«Персона. Мэрилин». Драматический театр
им. Г. Холоубека (Варшава, Польша).
Автор текста,
режиссер и художник Кристиан Люпа

Новый цикл спектаклей Кристиана Люпы можно было бы назвать «смерть замечательных людей». Старый Ницше с видениями о Заратустре; отец постмодернизма Энди Уорхол; прошедшая путь от марксизма-троцкизма до христианского миссионерства философ Симона Вейль, в дни французского сопротивления ограничившая свой рацион дозой узника концлагеря и умершая от истощения; Мэрилин Монро… Пока наш театр барахтается в грудах барахла, не зная, какими игрушками порадовать себя еще, Люпа освобождает сцену для исследования эманации духа ушедшего века в конвульсиях его культовых персон.
Спектакль о Монро так и назван — «Персона.
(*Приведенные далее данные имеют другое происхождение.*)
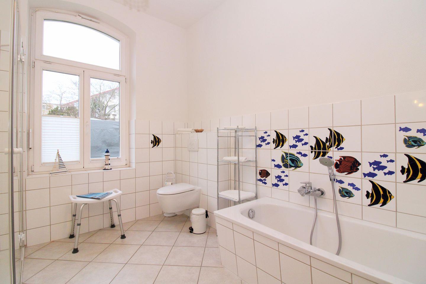 Das moderne und mit farbenfrohen, maritimen Dekorfliesen ausgestattete Badezimmer (mit Tageslicht / Fenster) verfügt über eine Dusche mit ebenerdigem Einstieg (seniorenfreundlich!) und Echtglas-Duschabtrennung, eine zusätzliche Badewanne, Waschbecken, WC, einen Badezimmer-Schrank, ein Regal, einen Föhn sowie ausreichend Ablagemöglichkeiten.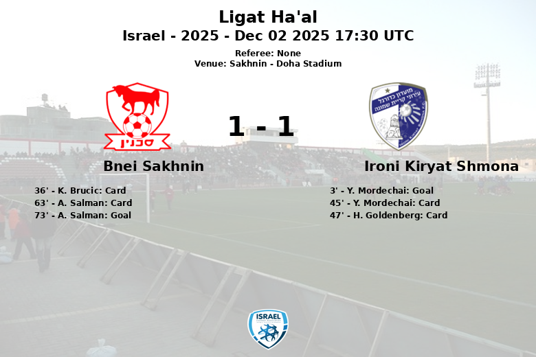 Sakhnin, Israël – Un match disputé au Doha Stadium s’est terminé par un match nul, reflétant l’intensité sur le terrain. Ironi Kiryat Shmona a pris une avance rapide à la 3ème minute avec un but de Y. Mordechai, assisté par A. Ugarriza. Cependant, Bnei Sakhnin n’a pas abandonné et s’est battu pour égaliser. La première mi-temps a été caractérisée par un jeu physique, avec un carton jaune pour K. Brucic de Bnei Sakhnin à la 36ème minute, suivi d’un avertissement pour Y. Mordechai d’Ironi Kiryat Shmona juste avant la mi-temps.

Мэрилин», недвусмысленно отсылая нас к фильму И. Бергмана «Персона», и некоторые критики сразу связали его с загадочным символистским фильмом великого шведа, дающим возможность бесчисленных толкований. Но в чем рифма? Замолчавшая на сцене актриса Элизабет Фоглер и медсестра Альма, под присмотром которой она живет в доме на безлюдном берегу, — и Мэрилин, удалившаяся в спектакле Люпы от людей в заброшенную студию?.. Думаю, нет. Из всех аналогий с «Персоной» самой важной кажется другая. «Персона» — авторское кино, воплощающее сознание и комплексы самого Бергмана: как «Седьмой печатью» он избавлялся от страха смерти, так «Персоной» — от преследующих кошмаров творчества, двойничества с персонажем, от мучительного сознания художника, высасывающего, как кровь, чужую жизнь, превращающего зрителя в себя самого, в свою персону и пр. Центральный эпизод повторен в фильме дважды. Сперва камера одним кадром долго снимает лицо Элизабет Фоглер — Лив Ульман, которая слушает психоаналитический монолог Альмы, разоблачающий ее «донное я». Потом камера разворачивается в сторону самой Альмы — Биби Андерсон и так же неотрывно следит за ее лицом, которое в какой-то момент начинает двоиться, сперва наполовину, а потом и целиком приобретая черты Элизабет. Происходит полная идентификация, слияние, слипание, безумное соединение актерской персоны и ее исследователя, Элизабет и Альмы.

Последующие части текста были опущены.